PREP TIME: 30 minutes COOK TIME: 1 hour
- for the apple slices:
- 6 small golden delicious apples, peeled and cored
- 1/4 cup of sugar (can substitute date sugar)
- 3 tablespoons of butter
- for the crust:
- 1 cup of almonds, crushed
- 1 cup of pecans, crushed
- 1 egg, beaten
- 3 tablespoons of butter at room temperature
- 2 tablespoons of all-purpose flour (can substitute spelt flour)
- pinch of salt
- for the bread pudding:
- 5-6 slices of your favorite bread
- 1/4 cup of almond milk
- 1/4 cup of plain yogurt
- 1 egg beaten
- 2 tablespoons of maple syrup
- 1/2 teaspoon of vanilla
- for serving:
- 1 cup of heavy cream
- 1 tablespoon of honey
- 1 orange, grated zest
PREHEAT oven to 350° F.
LINE an 8.5 x 4.5 x 2.75 inch loaf pan with a Reynolds® Non Stick Pan Lining Paper.
MIX the sugar with the butter to make a paste, set aside.
SLICE the apples very thin.
For the curst, COMBINE the butter with the flour. Mix in the almonds, the pecans, and egg with the salt.
For the bread pudding, MIX the almond milk, the yogurt, the vanilla, the maple syrup and the egg. Incorporate the bread. Cut into pieces and combine all.
SPREAD a small amount of the paste to cover the bottom of the loaf pan and arrange the apple slices on top, use alternating layers of apples with the paste. Press down and compress the apples.
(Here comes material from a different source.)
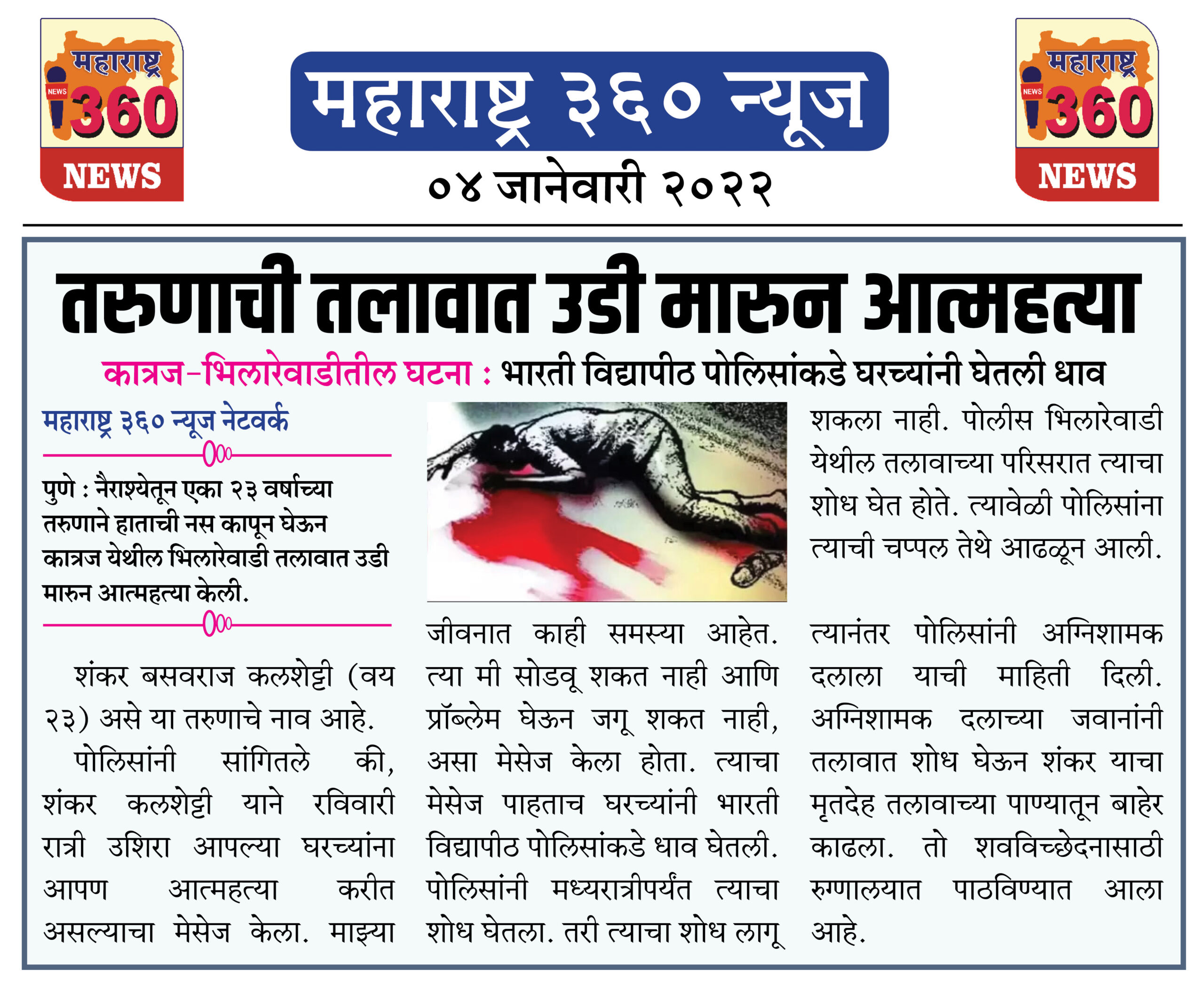 पोलिसांनी सांगितले की, शंकर कलशेट्टी याने रविवारी रात्री उशिरा आपल्या घरच्यांना आपण आत्महत्या करीत असल्याचा मेसेज केला. माझ्या जीवनात काही समस्या आहेत. त्या मी सोडवू शकत नाही आणि प्रॉब्लेम घेऊन जगू शकत नाही, असा मेसेज केला होता. त्याचा मेसेज पाहताच घरच्यांनी भारती विद्यापीठ पोलिसांकडे धाव घेतली. पोलिसांनी मध्यरात्रीपर्यंत त्याचा शोध घेतला. तरी त्याचा शोध लागू शकला नाही. पोलीस भिलारेवाडी येथील तलावाच्या परिसरात त्याचा शोध घेत होते. त्यावेळी पोलिसांना त्याची चप्पल तेथे आढळून आली.

SPREAD the crust over the apple layer pressing down.
SPREAD the bread pudding mixture on top.
BAKE at 350 degrees for 55 minutes to 1 hour and 5 minutes or until top is golden brown.
MIX heavy cream, honey and orange zest together and pour on top of finished loaf.
Optional, DUST with powdered sugar on the top for extra sweetness.